EXERCISE DESCRIPTION: Restate all the data word for word and omit the pictures.

DATASET SECTION:

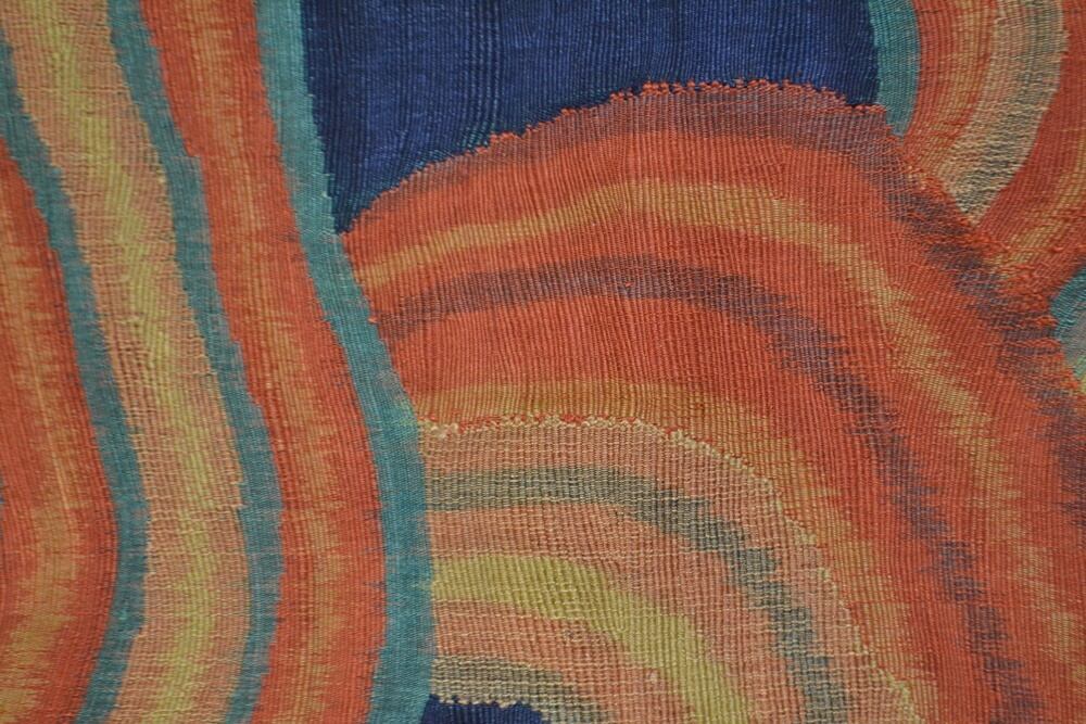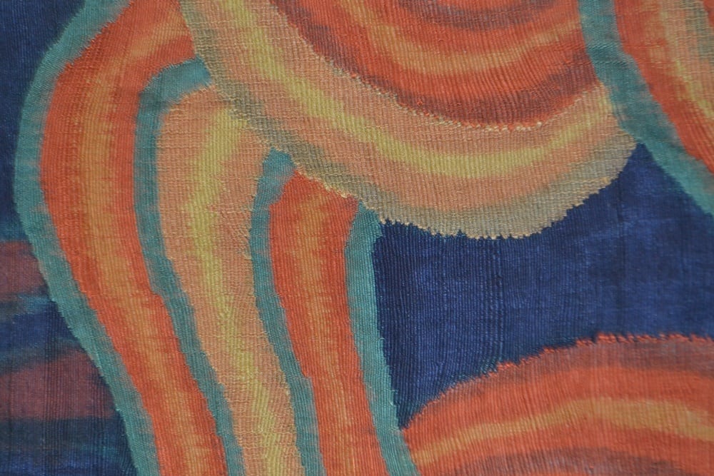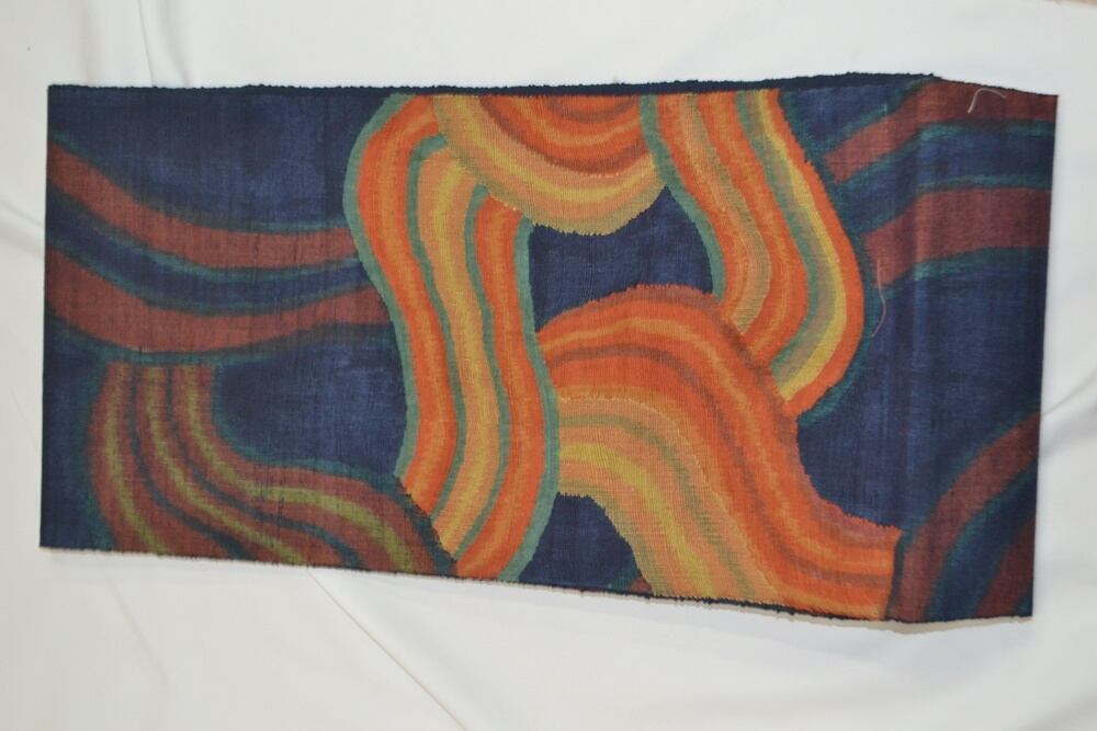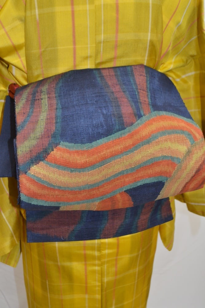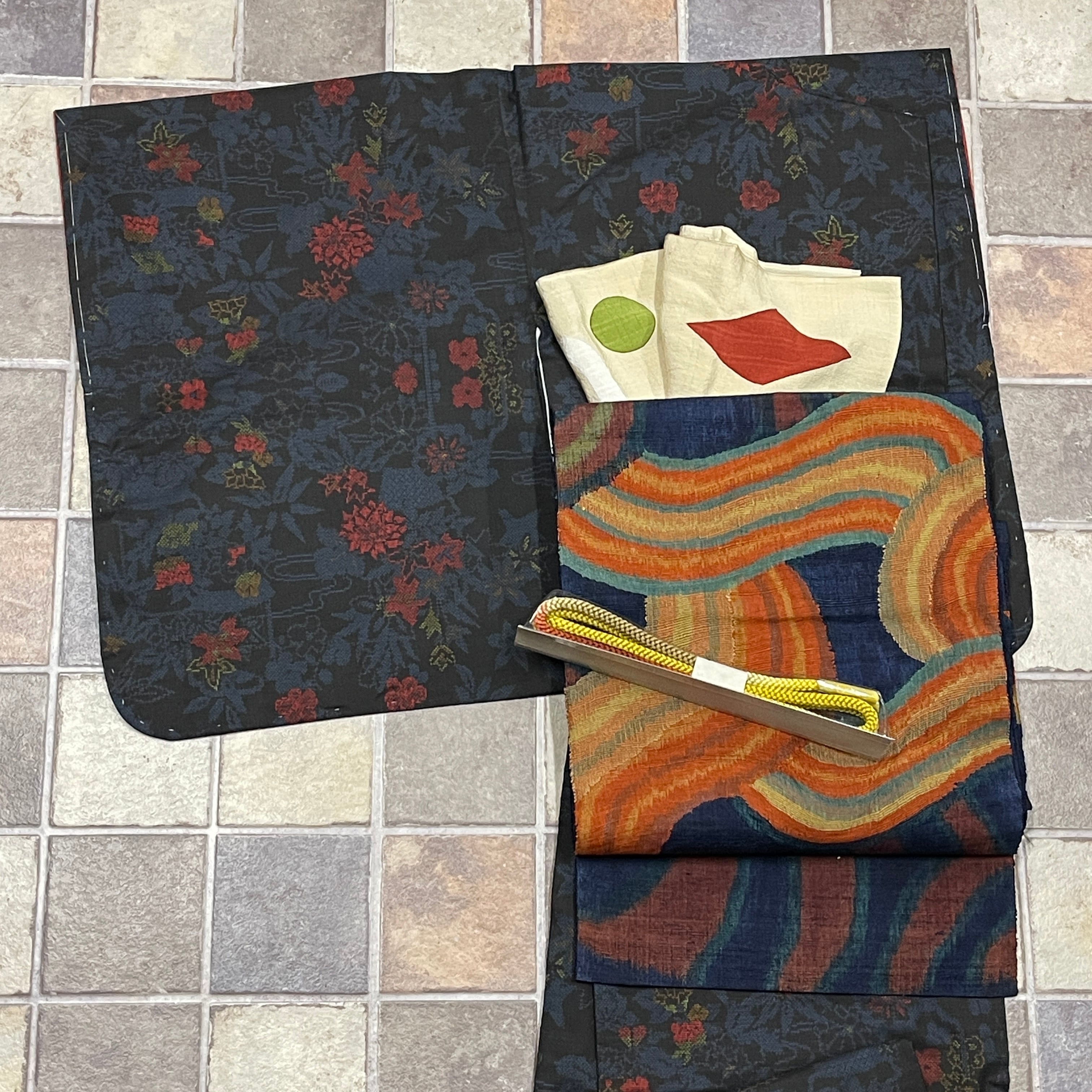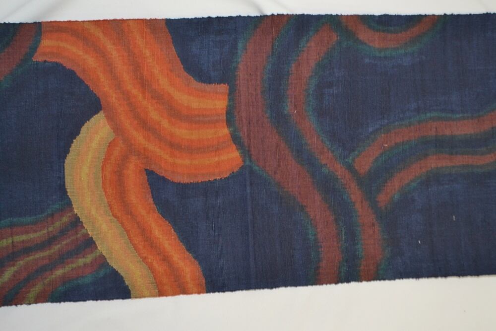 【八寸名古屋】真綿紬☆紺地に流線モダンアート
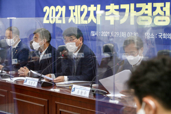 당정은 이날 소득 하위 80%를 지급 대상으로 결정했지만 여진은 지속될 전망이다. 여당 내부에서도 여전히 전 국민 지원금을 주장하는 목소리가 커 다음 달 국회 추경 논의 과정에서 변수가 남아 있다. 박 의장도 이날 “단 한 번도 전혀 건드리지 않고 추경이 통과된 적은 없다”고 말했다.
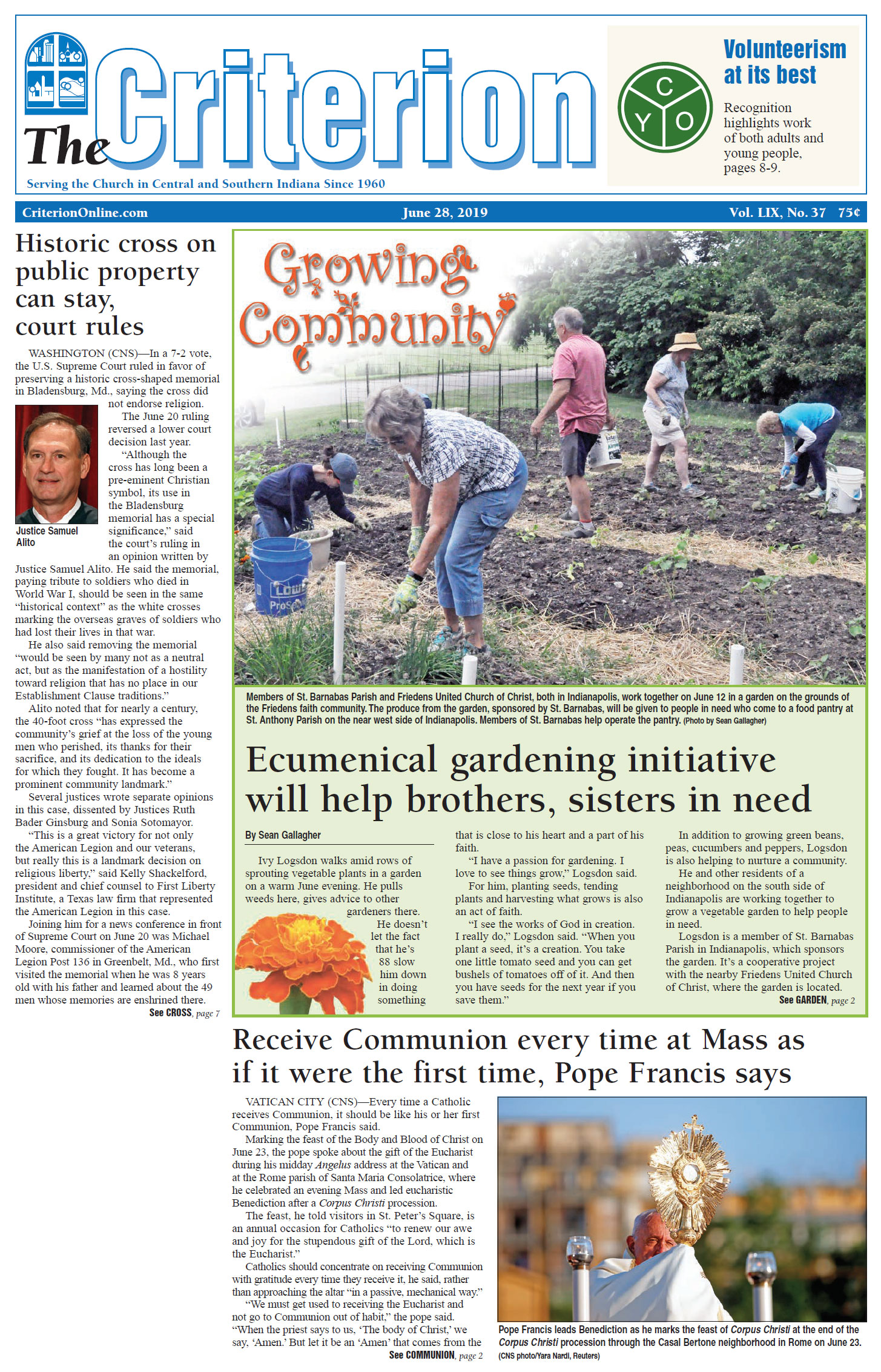 The latest edition of The Criterion has been printed and is on its way to subscribers. Below is a list of stories that will be appearing in the issue, along with regular features like the archbishop's column, the editorial page and our events calendar.

RESPONSE TO THE EXERCISE:
 【八寸名古屋】真綿紬☆紺地に流線モダンアート
 당정은 이날 소득 하위 80%를 지급 대상으로 결정했지만 여진은 지속될 전망이다. 여당 내부에서도 여전히 전 국민 지원금을 주장하는 목소리가 커 다음 달 국회 추경 논의 과정에서 변수가 남아 있다. 박 의장도 이날 “단 한 번도 전혀 건드리지 않고 추경이 통과된 적은 없다”고 말했다.
 The latest edition of The Criterion has been printed and is on its way to subscribers. Below is a list of stories that will be appearing in the issue, along with regular features like the archbishop's column, the editorial page and our events calendar.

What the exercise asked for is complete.